You’re writing a guide to local trails. Those trails are free. Your guide must therefore be free. Right?
You’re doing (unfunded) research on the nature of contemporary radio. Radio is free to the listener. Therefore, you won’t charge anybody for the book based on your research. Right?
I could provide many more such absurd, well, let’s call them sillygisms, since to call them syllogisms would be silly.
But then there’s:
You’re writing a guide to/doing unfunded research on/publishing about open access. Therefore, it’s ironic if you charge for it.
Huh?
Yep, here it comes again, just as it did in the first review when ALA Editions published Open Access: What You Need to Know Now (which was my writing, not an ALA official proceedings). This time, it’s the Library Technology Reports issue, which is apparently finally out. And an almost immediate tweet calling it ironic that the OA-related report requires a subscription.

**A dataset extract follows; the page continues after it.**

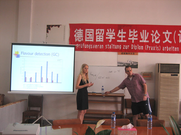 Christiüne Prortner与Christian Bardroff两位同学从今年3月开始在开始到生物与化学工程学院留学,在陈劼老师的指导下完成实习教学环节。实习课题主要内容是益生菌菌种的筛选和高效直投式酸奶发酵剂的制备,研究工作获得了较大的成果。
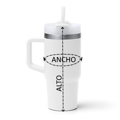 Taza térmica elaborada en acero inoxidable 304 reciclado con asa. Con capacidad de 400 ml. Incluye pajita y tapa a juego.

(In fact, unless I’m mistaken, the first chapter–which includes the key facts–is free online; the key facts were in my freely-available American Libraries excerpt; and the spreadsheet used for the report is freely available. But never mind.)
And here I am plugging away on a much broader report…which, to date, I can only be sure four people will ever see. Because, you know, I’m going to charge for it. Not enough to make, say, minimum wage for the time involved, but I’m going to charge for it. And no, it’s not ironic. (Somebody’s paying for pretty much every OA journal, by the way…)
It does get tiresome at times.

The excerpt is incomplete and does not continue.